Provided entries:
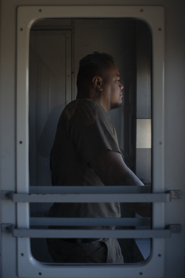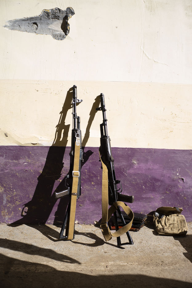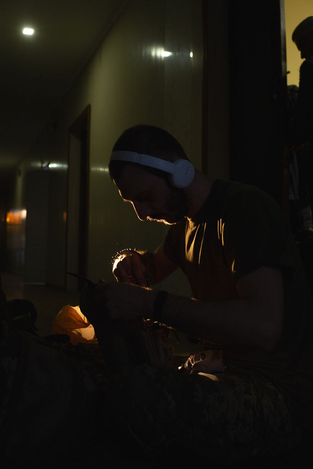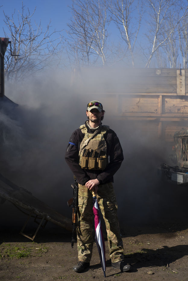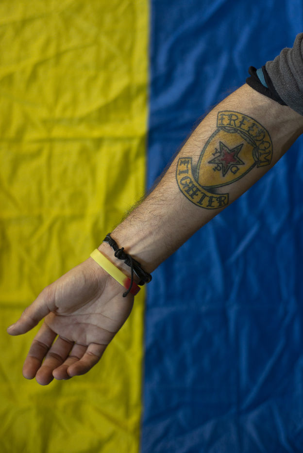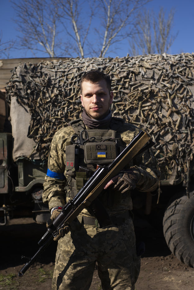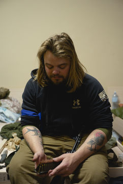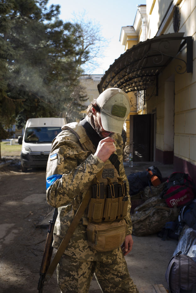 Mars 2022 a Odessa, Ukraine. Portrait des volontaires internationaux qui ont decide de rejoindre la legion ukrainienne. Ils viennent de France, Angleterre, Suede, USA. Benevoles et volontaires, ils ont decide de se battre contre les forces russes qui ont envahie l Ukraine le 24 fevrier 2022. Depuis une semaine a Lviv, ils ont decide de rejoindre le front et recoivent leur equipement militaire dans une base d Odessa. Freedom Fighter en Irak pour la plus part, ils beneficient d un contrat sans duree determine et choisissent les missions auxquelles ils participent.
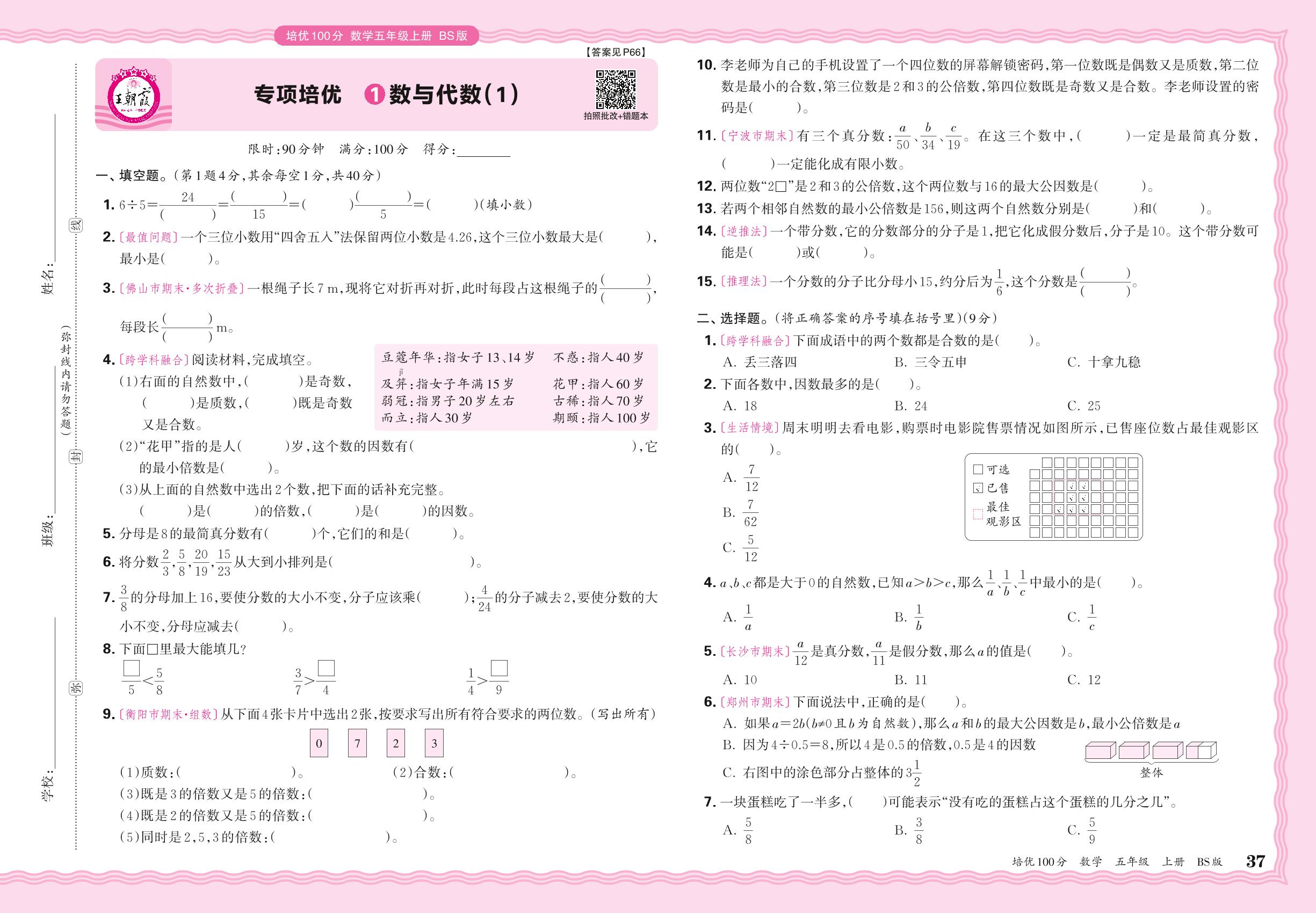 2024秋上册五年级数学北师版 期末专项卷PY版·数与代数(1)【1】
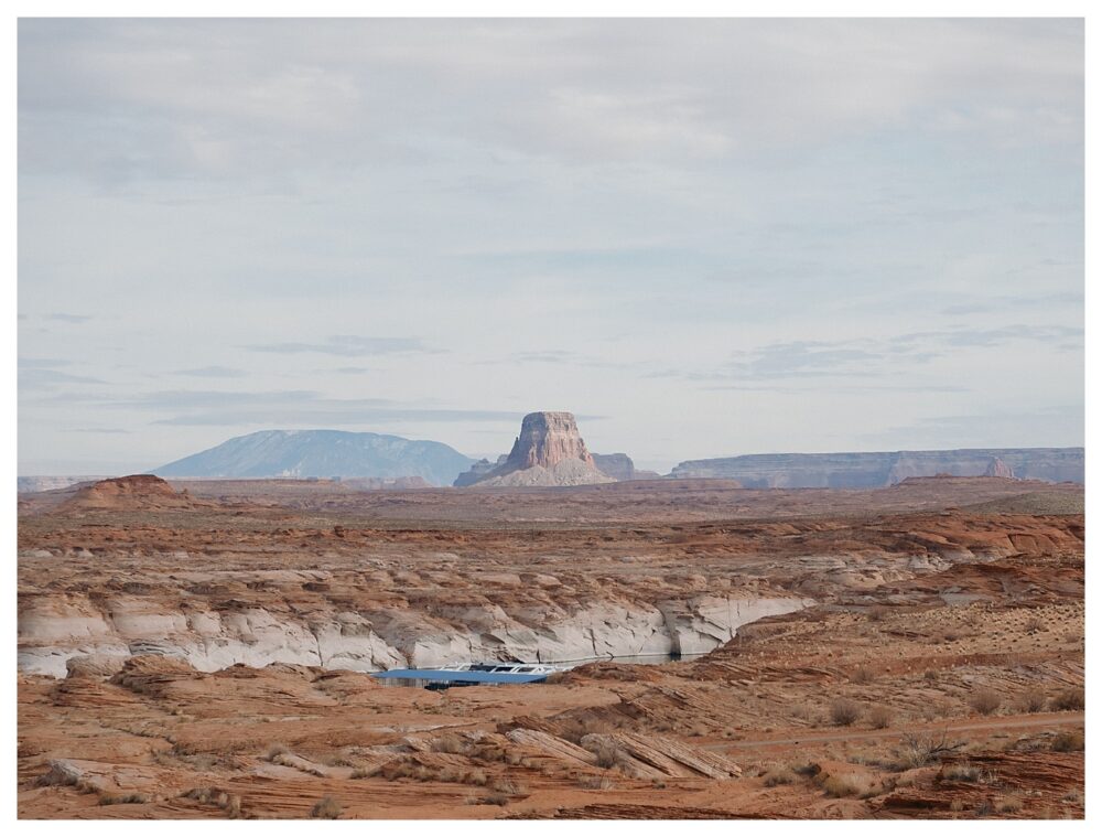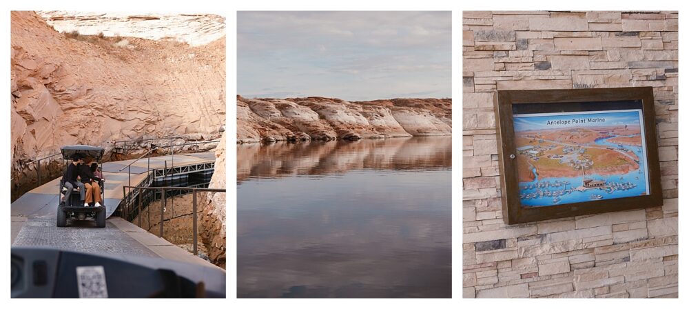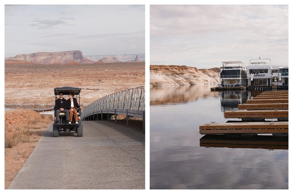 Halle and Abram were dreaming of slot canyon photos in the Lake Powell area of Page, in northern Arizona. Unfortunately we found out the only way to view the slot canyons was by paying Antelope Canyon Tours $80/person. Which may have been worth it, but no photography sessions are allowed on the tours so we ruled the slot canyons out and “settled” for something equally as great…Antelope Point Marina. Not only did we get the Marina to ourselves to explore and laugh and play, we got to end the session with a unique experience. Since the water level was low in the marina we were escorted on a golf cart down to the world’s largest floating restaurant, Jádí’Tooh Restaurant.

* * *

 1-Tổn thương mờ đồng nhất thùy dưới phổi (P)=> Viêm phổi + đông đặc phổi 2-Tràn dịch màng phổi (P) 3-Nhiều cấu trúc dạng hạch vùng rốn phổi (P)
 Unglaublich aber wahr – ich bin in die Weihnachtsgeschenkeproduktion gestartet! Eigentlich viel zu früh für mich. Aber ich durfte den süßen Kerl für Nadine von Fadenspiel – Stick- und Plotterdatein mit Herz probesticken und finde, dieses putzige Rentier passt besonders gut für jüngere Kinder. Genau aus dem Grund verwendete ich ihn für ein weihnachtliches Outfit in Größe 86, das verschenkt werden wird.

Exercise directions:
In the records above, find the line with "Mars 2022 a" and the line with "2024秋上册五年级数学北师版 期末专项卷PY版·数与代数(1)【1】". Write out exactly those lines and every one between, with no pictures and no other lines.

Solution to this problem:
 Mars 2022 a Odessa, Ukraine. Portrait des volontaires internationaux qui ont decide de rejoindre la legion ukrainienne. Ils viennent de France, Angleterre, Suede, USA. Benevoles et volontaires, ils ont decide de se battre contre les forces russes qui ont envahie l Ukraine le 24 fevrier 2022. Depuis une semaine a Lviv, ils ont decide de rejoindre le front et recoivent leur equipement militaire dans une base d Odessa. Freedom Fighter en Irak pour la plus part, ils beneficient d un contrat sans duree determine et choisissent les missions auxquelles ils participent.
 2024秋上册五年级数学北师版 期末专项卷PY版·数与代数(1)【1】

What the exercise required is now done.